▸ Input data

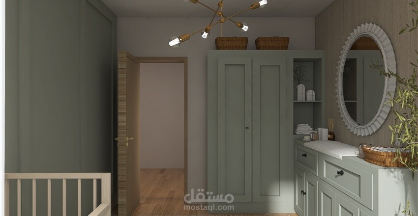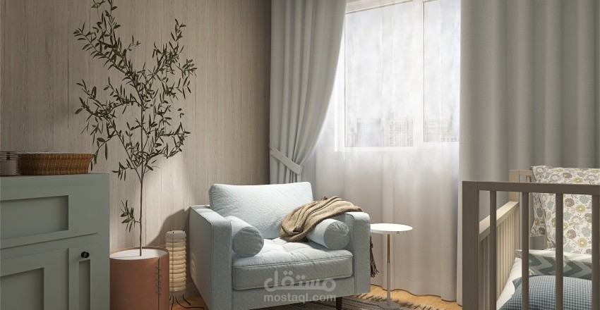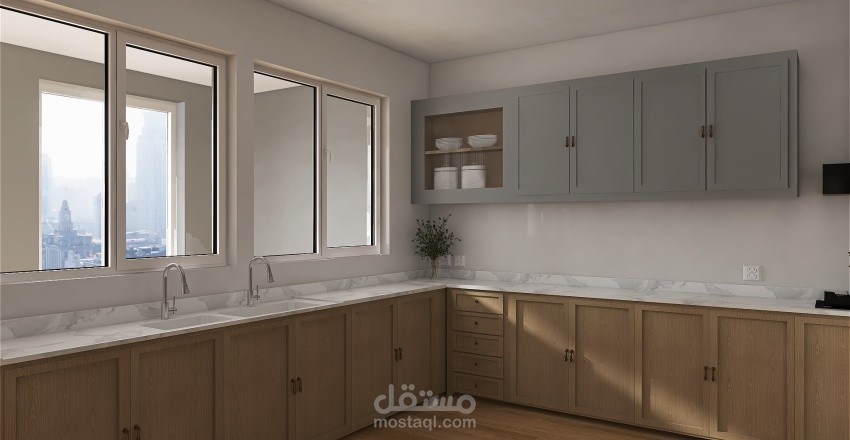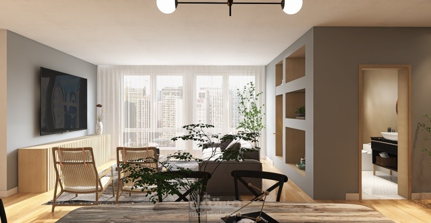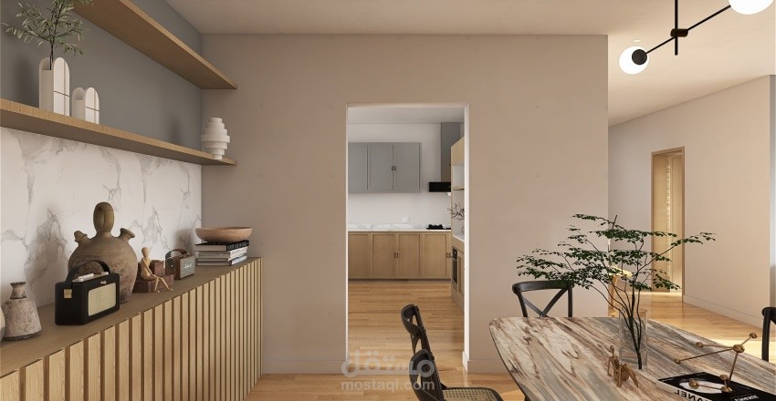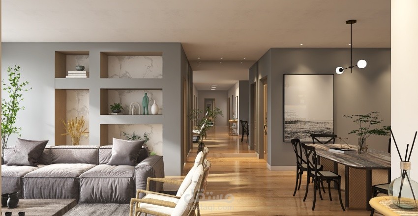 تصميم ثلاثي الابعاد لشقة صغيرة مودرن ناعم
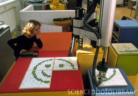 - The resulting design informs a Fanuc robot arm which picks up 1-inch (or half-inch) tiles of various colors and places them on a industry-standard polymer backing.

==

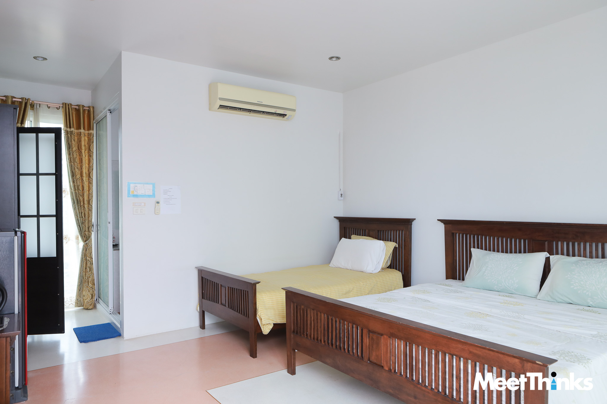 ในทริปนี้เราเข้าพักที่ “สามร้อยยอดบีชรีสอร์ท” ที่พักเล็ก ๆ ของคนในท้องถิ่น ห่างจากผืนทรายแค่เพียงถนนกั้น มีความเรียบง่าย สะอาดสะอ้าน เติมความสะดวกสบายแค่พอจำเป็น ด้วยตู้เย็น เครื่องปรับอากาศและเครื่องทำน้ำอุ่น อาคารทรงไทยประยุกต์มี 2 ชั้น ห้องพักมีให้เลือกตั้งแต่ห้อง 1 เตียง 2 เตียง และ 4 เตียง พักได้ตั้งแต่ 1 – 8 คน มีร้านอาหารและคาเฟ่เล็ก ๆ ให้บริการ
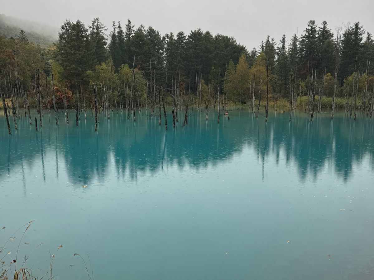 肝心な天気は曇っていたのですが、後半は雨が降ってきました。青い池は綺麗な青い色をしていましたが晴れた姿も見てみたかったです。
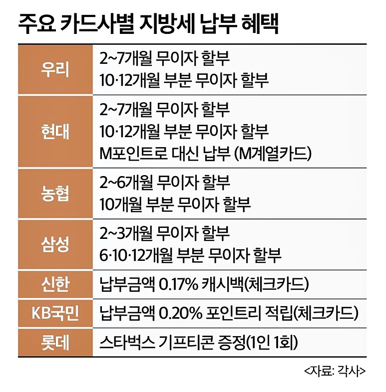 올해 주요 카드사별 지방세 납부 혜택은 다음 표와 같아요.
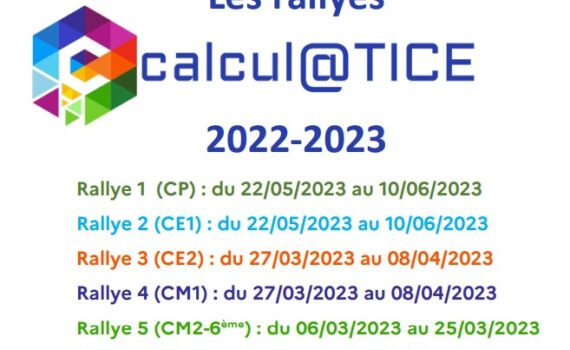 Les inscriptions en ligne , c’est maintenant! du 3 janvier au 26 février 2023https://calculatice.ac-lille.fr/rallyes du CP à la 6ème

...

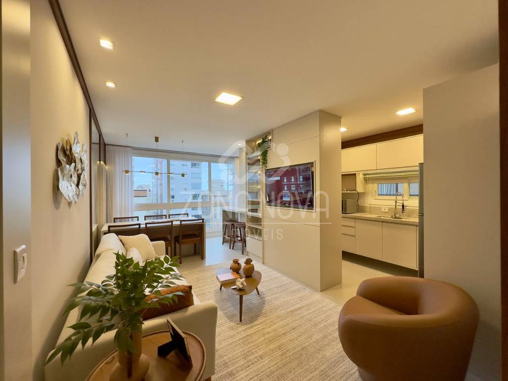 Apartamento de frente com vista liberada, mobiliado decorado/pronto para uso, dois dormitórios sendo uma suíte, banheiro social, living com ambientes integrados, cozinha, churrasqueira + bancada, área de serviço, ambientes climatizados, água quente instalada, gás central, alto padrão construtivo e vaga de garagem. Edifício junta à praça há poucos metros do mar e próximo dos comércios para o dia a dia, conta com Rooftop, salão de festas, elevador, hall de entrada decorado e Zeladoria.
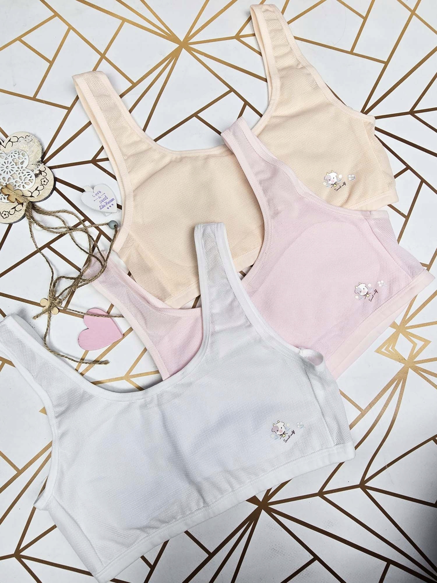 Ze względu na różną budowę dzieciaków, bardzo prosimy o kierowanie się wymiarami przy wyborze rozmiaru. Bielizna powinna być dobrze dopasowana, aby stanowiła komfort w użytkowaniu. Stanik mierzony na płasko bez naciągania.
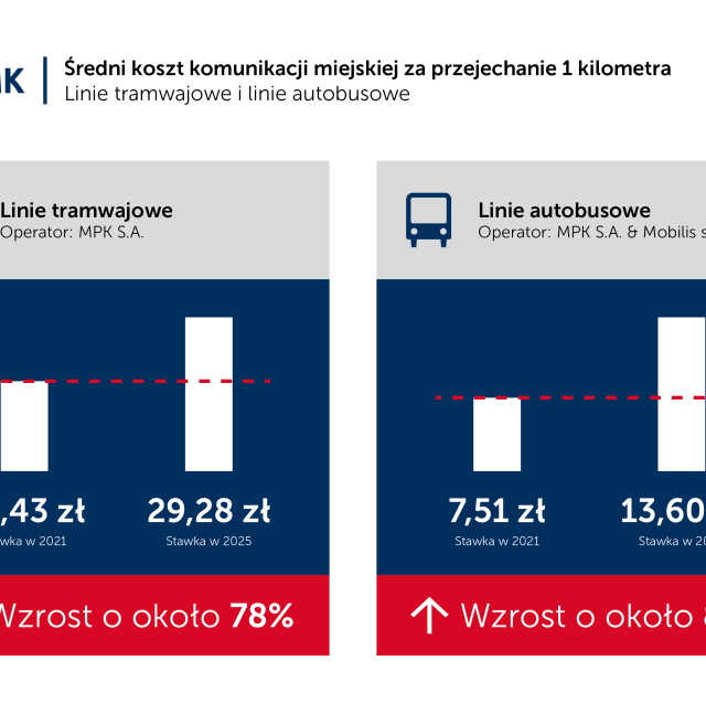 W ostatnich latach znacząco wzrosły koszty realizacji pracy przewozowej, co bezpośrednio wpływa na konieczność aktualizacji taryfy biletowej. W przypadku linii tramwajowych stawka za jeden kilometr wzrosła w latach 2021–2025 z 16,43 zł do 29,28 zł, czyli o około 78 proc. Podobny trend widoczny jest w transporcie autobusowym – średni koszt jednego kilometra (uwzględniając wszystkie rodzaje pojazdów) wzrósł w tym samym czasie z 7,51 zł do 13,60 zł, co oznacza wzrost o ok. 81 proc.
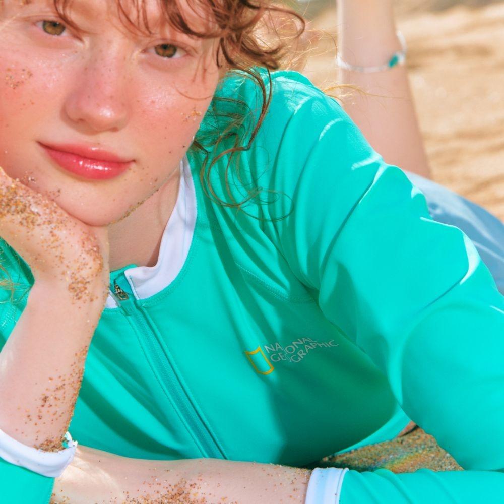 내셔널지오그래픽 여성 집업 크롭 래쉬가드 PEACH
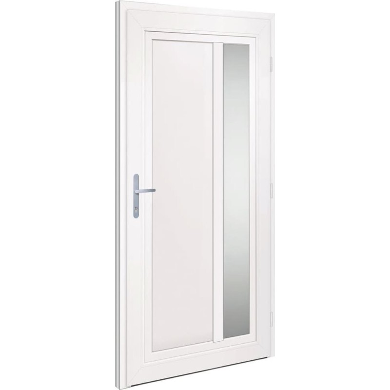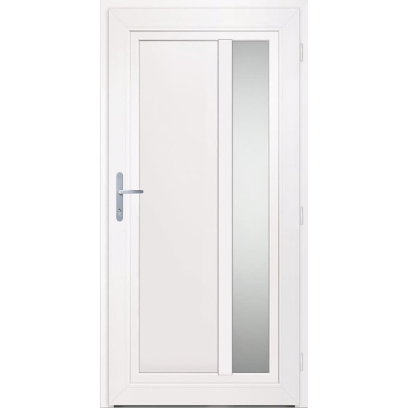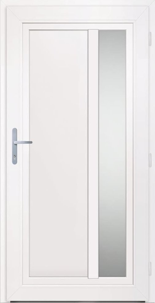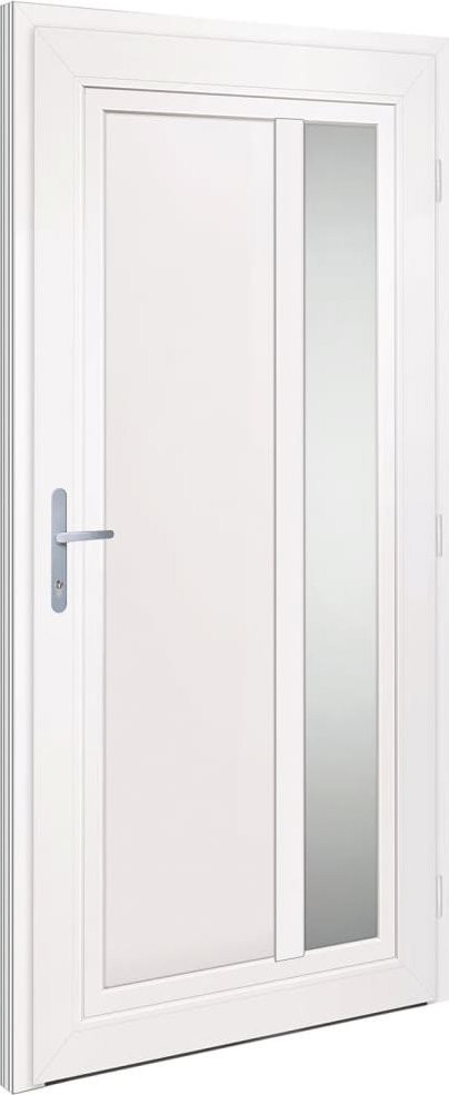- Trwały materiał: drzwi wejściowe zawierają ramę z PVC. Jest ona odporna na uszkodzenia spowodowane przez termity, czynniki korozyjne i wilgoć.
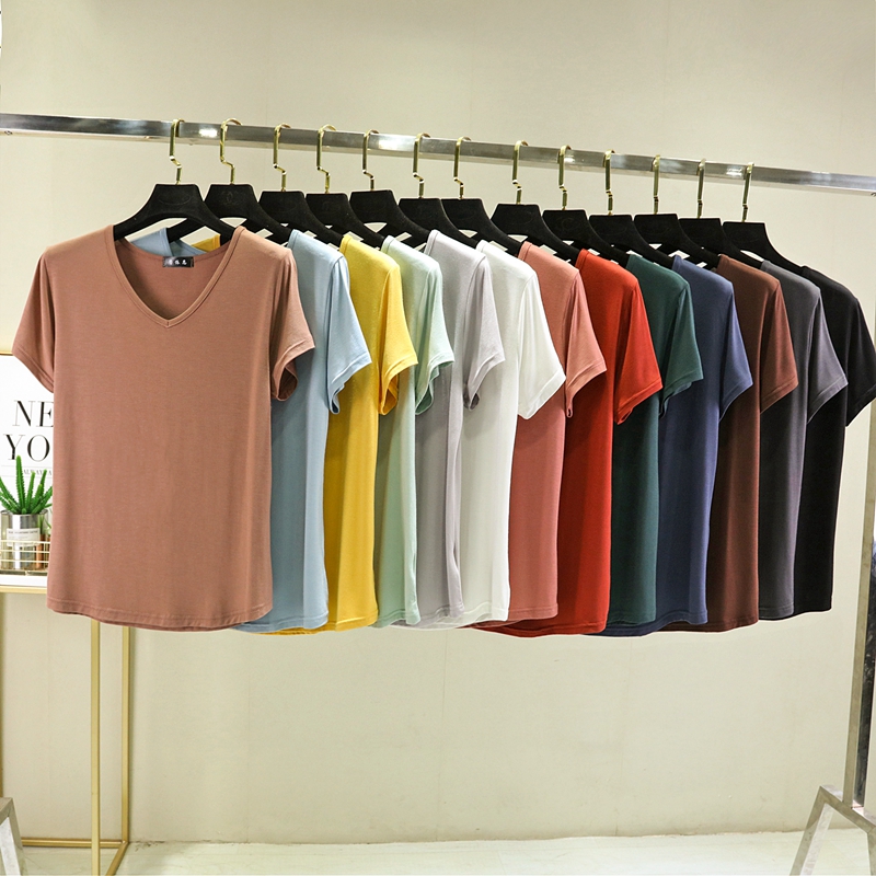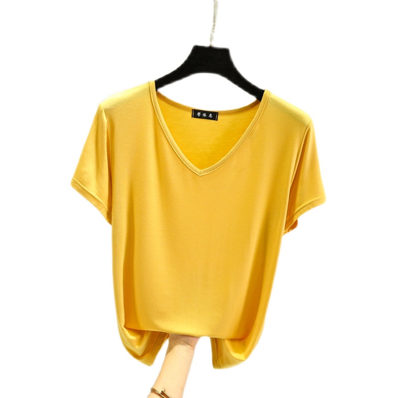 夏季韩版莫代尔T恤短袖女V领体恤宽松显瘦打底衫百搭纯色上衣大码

▸ Exercise requirements
Word for word, retype the lines in the entries above that run from the one with "มีร้านอาหารและคาเฟ่เล็ก ๆ ให้บริการ" through the one with "Les inscriptions en". Both ends count; pictures do not.

▸ Output of the task
 ในทริปนี้เราเข้าพักที่ “สามร้อยยอดบีชรีสอร์ท” ที่พักเล็ก ๆ ของคนในท้องถิ่น ห่างจากผืนทรายแค่เพียงถนนกั้น มีความเรียบง่าย สะอาดสะอ้าน เติมความสะดวกสบายแค่พอจำเป็น ด้วยตู้เย็น เครื่องปรับอากาศและเครื่องทำน้ำอุ่น อาคารทรงไทยประยุกต์มี 2 ชั้น ห้องพักมีให้เลือกตั้งแต่ห้อง 1 เตียง 2 เตียง และ 4 เตียง พักได้ตั้งแต่ 1 – 8 คน มีร้านอาหารและคาเฟ่เล็ก ๆ ให้บริการ
 肝心な天気は曇っていたのですが、後半は雨が降ってきました。青い池は綺麗な青い色をしていましたが晴れた姿も見てみたかったです。
 올해 주요 카드사별 지방세 납부 혜택은 다음 표와 같아요.
 Les inscriptions en ligne , c’est maintenant! du 3 janvier au 26 février 2023https://calculatice.ac-lille.fr/rallyes du CP à la 6ème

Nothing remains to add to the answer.